In der That fehlte Graff in unserer Mitte; in Lothringen hatte ihn eine Kugel aus dem Hinterhalte hingestreckt.

Wir antworteten nicht.

„Ich weiß,“ sagte die Alte, „ich weiß. Dessen Mutter wird auch lange warten.“ So sprechend, wandte sich ihr Gesicht wieder der Luke und der Landstraße zu. „Ich werde nicht länger mehr warten.“ sagte sie weiter und lächelte. „Seht Ihr dort – er kommt!“

So sprechend, stand sie auf und streckte den Arm der Straße entgegen. In demselben Augenblicke aber stürzte sie in den Stuhl zurück, und die Augen weit geöffnet, noch immer wartend und auslugend, saß sie da und – war todt.

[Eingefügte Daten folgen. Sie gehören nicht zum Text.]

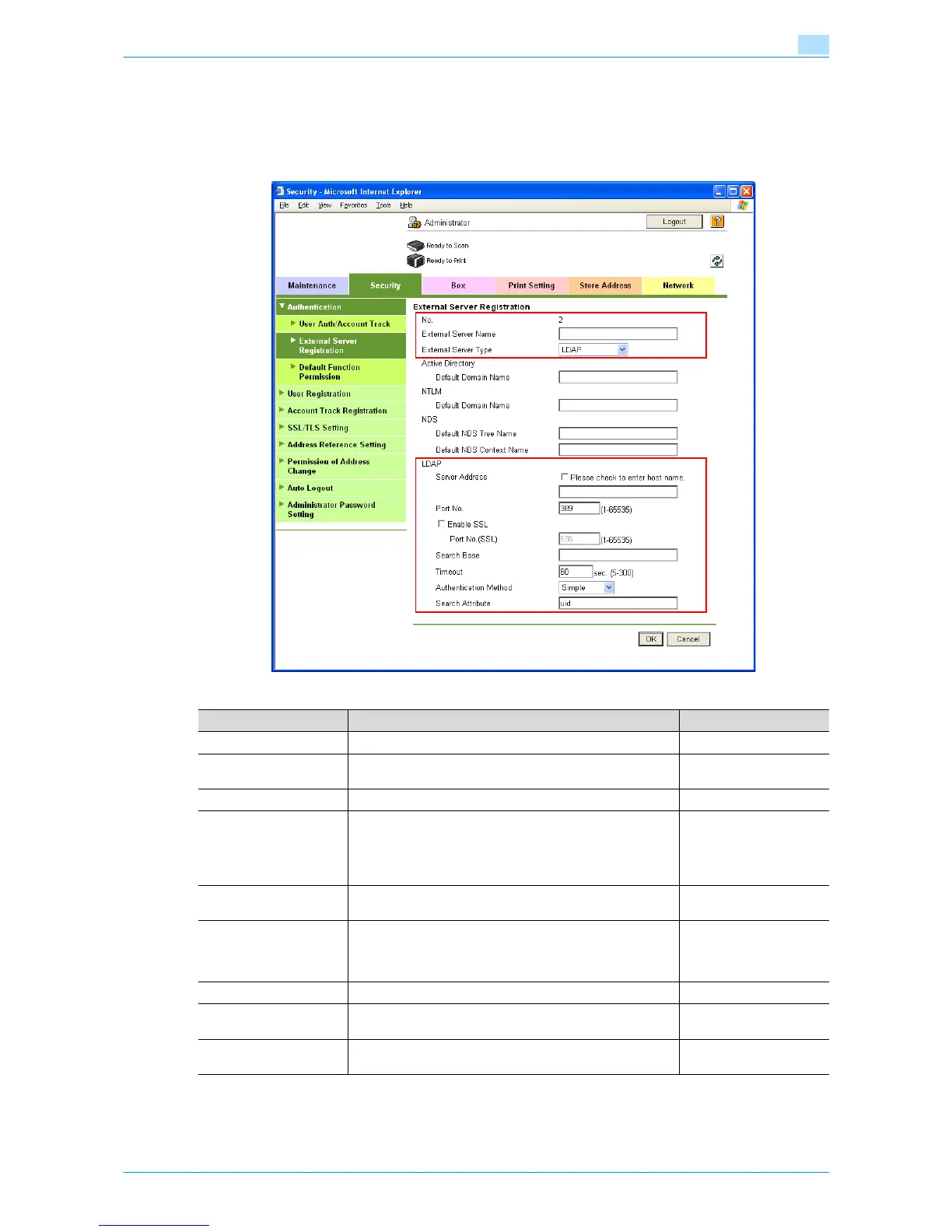 In Administrator mode of Web Connection, select the Security tab - "Authentication" - "External Server

Wir blieben einen Tag länger, als unser Urlaub gestattete, um der guten Mutter Lene die letzte Ehre zu erweisen. Hoch zu Roß folgten wir ihrem Sarge. Helffreich hatte sich vom Pastor die Erlaubniß ausgebeten, an seiner Statt ihr die Grabrede zu halten. Aber er war noch nicht genug Pastor, und brachte vor Rührung kein Wort hervor.



  1. Unsere Braunschweiger Leser werden in Herrn Viebahn den Erzähler wohl ohne Namensänderung erkennen.
    D. Redact.

Anmerkungen (Wikisource)

  1. Die Mutmassung der Autorenschaft Eduard Viewegs wurde im Heft 26 zurück gezogen.